Davacı vekili, davalı şirketin müvekkilinden almış olduğu malların bedelini ödememesi nedeni ile 86.462-USD bedelli faturaya dayalı olarak … 4. İcra Müdürlüğü’ nün 2011/4984 sayılı dosyasından ilamsız icra takibi yaptıklarını, ancak davalının itirazı üzerine takibin durduğunu belirterek, itirazın iptaline ve davalı aleyhine %40 icra inkar tazminatına karar verilmesini talep ve dava etmiştir.
Davalı vekili, davacının T.C vatandaşı olmadığını, MÖHUK 48. madde delaletiyle dava açılırken teminat göstermesi gerektiğini, davacının malları teslim ettiğini iddia ettiği …’ ın müvekkili şirketi temsil ve ilzama yetkili olmadığını, malların müvekkili şirket tarafından teslim alınmadığını beyanla, davanın reddine karar verilmesini talep etmiştir.
Mahkemece yapılan yargılama sonucunda, davanın hukuki niteliği itibariyle Asliye Hukuk Mahkemesi veya Asliye Ticaret Mahkemesi’nin iş alanına girip girmediğinin 6102 S. TTK 5/3 maddesi gereği göreve ilişkin hususlardan olduğu, HMK 114/1-c maddesi görevin dava şartları arasında sayılmış olup, HMK 115. maddesi uyarınca dava şartlarının yargılamanın her aşamasında mahkemelerce re’sen incelenip değerlendirilmesi gereken hususlardan olduğu, ticari davaların TTK’nun 4. maddesinde açıkça belirtildiğini, davanın ticari dava olması için her iki tarafın tacir olması ve dava konusu uyuşmazlığın her iki tarafın da ticari işletmesi ile ilgili bulunması gerektiği, davacının TTK 12. maddesi gereği gerçek kişi tacirlerden olmadığı gibi, TTK 16. maddesi gereği tüzel kişi tacirlerden de olduğuna dair dosyada belge mevcut olmadığı, davacı tacir olmadığından, davanın da TTK 12 ve 16. maddesi gereği ticari dava olmadığı belirtilerek, mahkemenin görevsizliğine, kararın kesinleşmesinden sonra talep halinde dosyanın yetkili ve görevli asliye hukuk mahkemesine gönderilmesine karar verilmiş, hüküm davacı vekili tarafından temyiz edilmiştir.
Dava, 15.09.2011 tarihinde açılmış olup, davalının cevap süresi içinde işbölümü itirazında bulunmadığı görülmüştür. 6335 Sayılı Kanun’un 38. maddesiyle 6102 Sayılı Türk Ticaret Kanunu’na eklenen geçici 10. maddeye göre; “Bu Kanun’un göreve ilişkin hükümleri, bu Kanun’un yürürlüğe girdiği tarihten önce açılmış olan davalarda uygulanmaz.
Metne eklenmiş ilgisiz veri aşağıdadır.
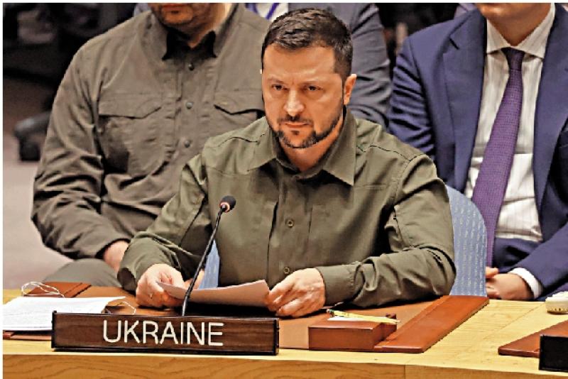 图:泽连斯基20日在联合国安理会会议上发言。\法新社

Bu davalar, açıldıkları tarihte yürürlükte bulunan Kanun hükümlerine tabidir.” Buradan da anlaşılacağı gibi 01.07.2012 tarihinden önce açılmış bulunan ticari davalar bakımından ticaret mahkemeleri ile asliye hukuk mahkemeleri arasındaki ilişki işbölümü ilişkisi olarak değerlendirilecek, ancak 01.07.2012 tarihinden sonra açılacak ticari davalar yönünden ticaret mahkemesi ile asliye hukuk ve diğer hukuk mahkemeleri arasındaki ilişki görev ilişkisi olduğundan mahkemece re’sen gözetilecektir.
Bu durumda mahkemece eldeki davanın 01.07.2012 tarihinden önce açılmış olması ve açıklanan yasa hükmü gözetilmeksizin yanılgılı gerekçe ile görevsizlik kararı verilmesi doğru görülmemiştir.
SONUÇ: Yukarıda açıklanan nedenle hükmün temyiz eden davacı yararına BOZULMASINA, peşin harcın istek halinde iadesine, 03.12.2013 gününde oybirliğiyle karar verildi.